TASK BRIEF: For the records below, please print exactly and only the lines from the one with "10 Aralık 2020" down to the one with "始業式で、学年代表の生徒が新年度の抱負を発表しました。", both ends included, omitting the pictures.

WORKING DATA:
/---

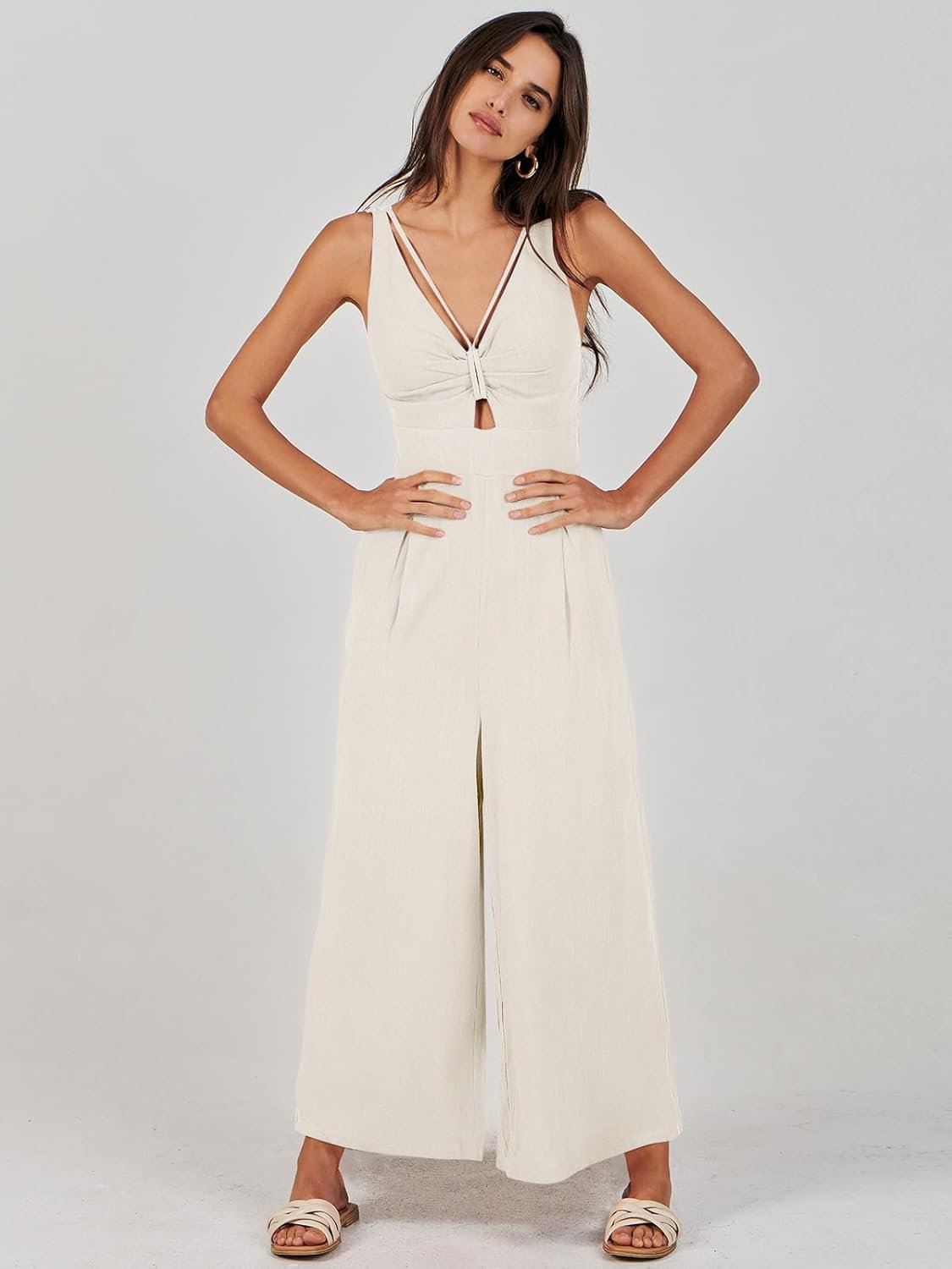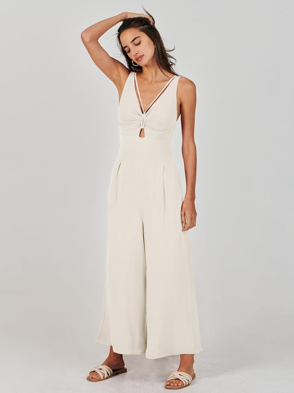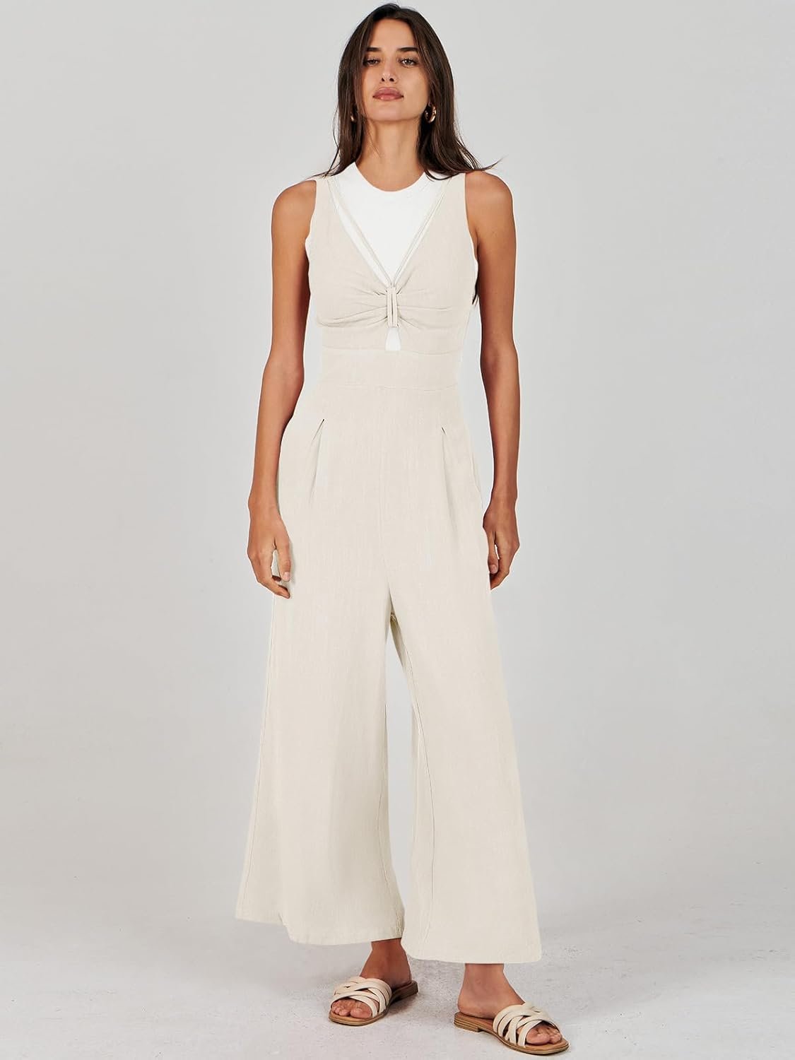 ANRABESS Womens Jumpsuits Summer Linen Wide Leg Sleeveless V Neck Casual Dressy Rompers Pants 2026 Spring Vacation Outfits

\---
/---

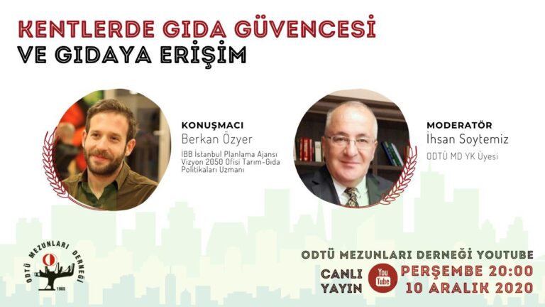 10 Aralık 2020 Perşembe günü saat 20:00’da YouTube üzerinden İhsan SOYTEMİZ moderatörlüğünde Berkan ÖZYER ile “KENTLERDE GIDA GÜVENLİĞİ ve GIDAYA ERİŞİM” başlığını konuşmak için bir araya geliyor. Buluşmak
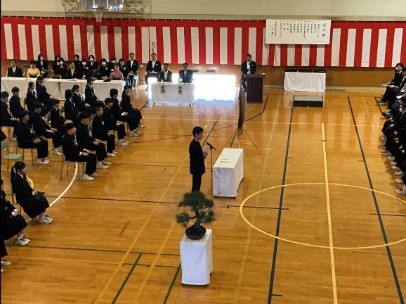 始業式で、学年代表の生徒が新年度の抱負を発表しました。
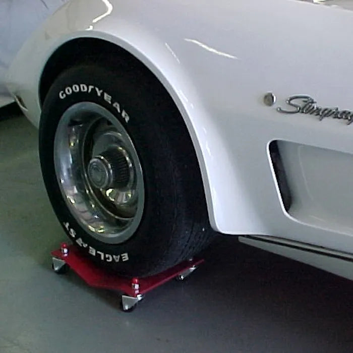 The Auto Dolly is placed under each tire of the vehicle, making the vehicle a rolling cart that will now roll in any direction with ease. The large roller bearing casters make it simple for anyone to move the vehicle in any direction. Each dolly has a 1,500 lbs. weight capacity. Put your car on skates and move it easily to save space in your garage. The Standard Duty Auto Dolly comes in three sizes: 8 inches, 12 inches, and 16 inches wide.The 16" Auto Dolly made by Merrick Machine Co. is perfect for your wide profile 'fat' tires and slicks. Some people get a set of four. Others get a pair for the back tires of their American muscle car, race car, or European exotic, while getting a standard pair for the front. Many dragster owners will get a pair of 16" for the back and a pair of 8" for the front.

\---
/---

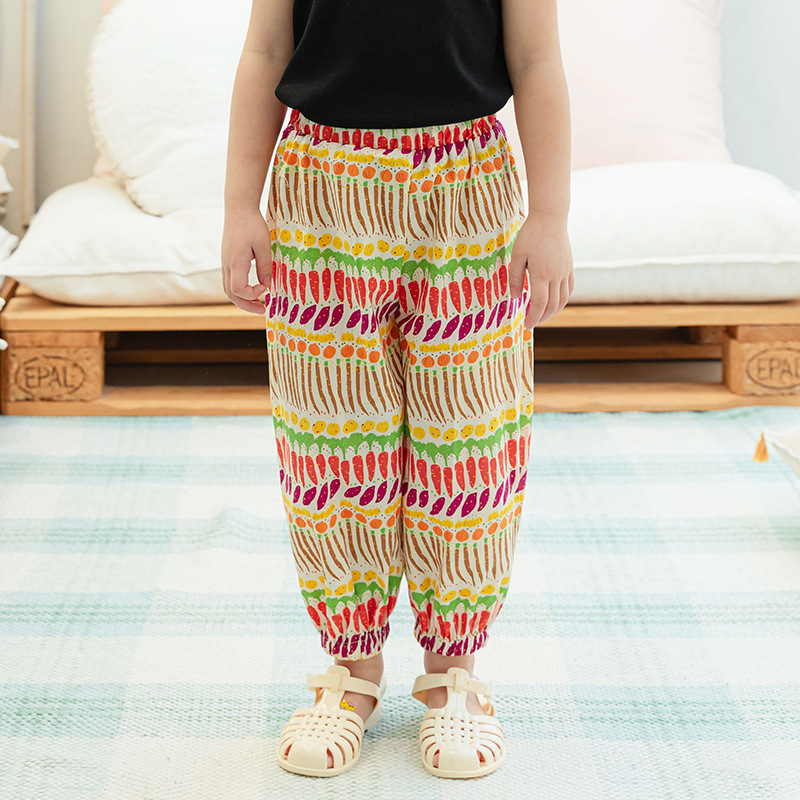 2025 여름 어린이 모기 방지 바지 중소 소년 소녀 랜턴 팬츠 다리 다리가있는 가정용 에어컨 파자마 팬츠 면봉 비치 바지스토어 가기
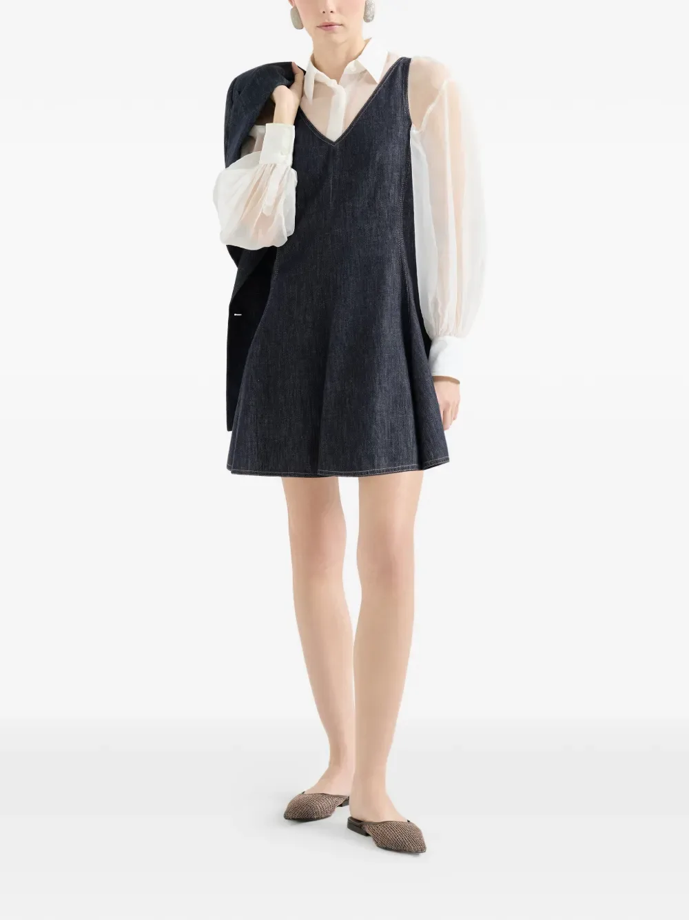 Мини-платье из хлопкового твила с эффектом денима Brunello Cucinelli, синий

\---

SOLUTION:
 10 Aralık 2020 Perşembe günü saat 20:00’da YouTube üzerinden İhsan SOYTEMİZ moderatörlüğünde Berkan ÖZYER ile “KENTLERDE GIDA GÜVENLİĞİ ve GIDAYA ERİŞİM” başlığını konuşmak için bir araya geliyor. Buluşmak
 始業式で、学年代表の生徒が新年度の抱負を発表しました。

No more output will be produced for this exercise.